Abstract :
[en] Facioscapulohumeral muscular dystrophy (FSHD) is linked to chromatin opening and DNA hypomethylation at the D4Z4 repeat array in the 4q35 subtelomeric region. The open chromatin facilitates the expression of the DUX4 gene located in the last D4Z4 unit. The DUX4 protein is a potent transcription factor that initiates a deregulation cascade affecting many genes and that causes the disease1.
We have previously compared the proteome of primary FSHD and control myotubes at day 4 of differentiation2. FSHD myotubes presented a disturbance of two major caveolar proteins: PTRF (cavin-1) and MURC (cavin-4). Caveolae are membrane nanodomains, considered as a subset of lipid rafts, enriched in cholesterol and sphingolipids. They play a major role in signal transduction for many biological processes. Caveolae contain the muscle specific caveolin (caveolin-3) and small clusters of GPI-anchor proteins, also increased in FSHD myotubes. The extracellular protein AHNAK, a member of the dysferlin protein complex, is also slightly increased in FSHD myotubes.
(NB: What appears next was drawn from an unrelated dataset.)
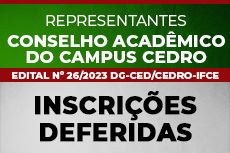 Foi publicado o resultado das inscrições deferidas da eleição para o Conselho Acadêmico do campus do Cedro.Nesta segunda-feira,12/6, é a data para impugnação das candiaturas pelo email gabinete.cedro@ifce.edu.br. A votação vai ser realizada no dia 22/06, obedecido ao horário de votação compreendido entre 8h e 20h, por meio de formulário eletrônico constando os nomes dos candidatos a ser divulgado com o resultado final das Inscrições homologadas/deferidas.

To evaluate the FSHD caveolar defect, we have investigated the expression of the four cavin proteins (PTRF, SDPR, SRBC, MURC) by immunodetection on western-blot and immunofluorescence on myotubes. We have validated the disturbance of PTRF and MURC expression on FSHD primary myoblasts and myotubes2 (kindly provided by Prof. D. Laoudj-Chenivesse, INSERM U1046, Montpellier). Because primary myoblasts are in limited supply we have switched to immortalized control and FSHD cell lines3 (kindly provided by Dr. Ch. Emerson, Wellstone Foundation, Boston) for further studies. We also use mouse myoblast lines with inducible DUX44 (iC2C12-DUX4, kindly provided by Prof. M. Kyba, Univ. Minnesota), to evaluate the correlation between DUX4 expression and caveolar protein disturbance. We have performed these immunodetections on western-blots with myoblast/tube total extracts and on isolated lipid raft extracts. We are also studying the putative relocations of these rafts during differentiation with a lipid raft tracer: FITC-conjugated cholera toxin B subunit.
If caveolar dysfunction was confirmed in FSHD, deregulation of MURC and PTRF that are essential for skeletal muscle membrane stability could lead to deregulation of many cellular processes. In addition, if a link with DUX4 can be demonstrated, these proteins could be used as additional FSHD biomarkers. Identification of such markers and their validation is essential to assess the therapeutic approaches developed by several groups to decrease DUX4 expression such as antisense tools used in our laboratory5 in collaboration with Prof. S. Wilton (Murdoch University, Australia).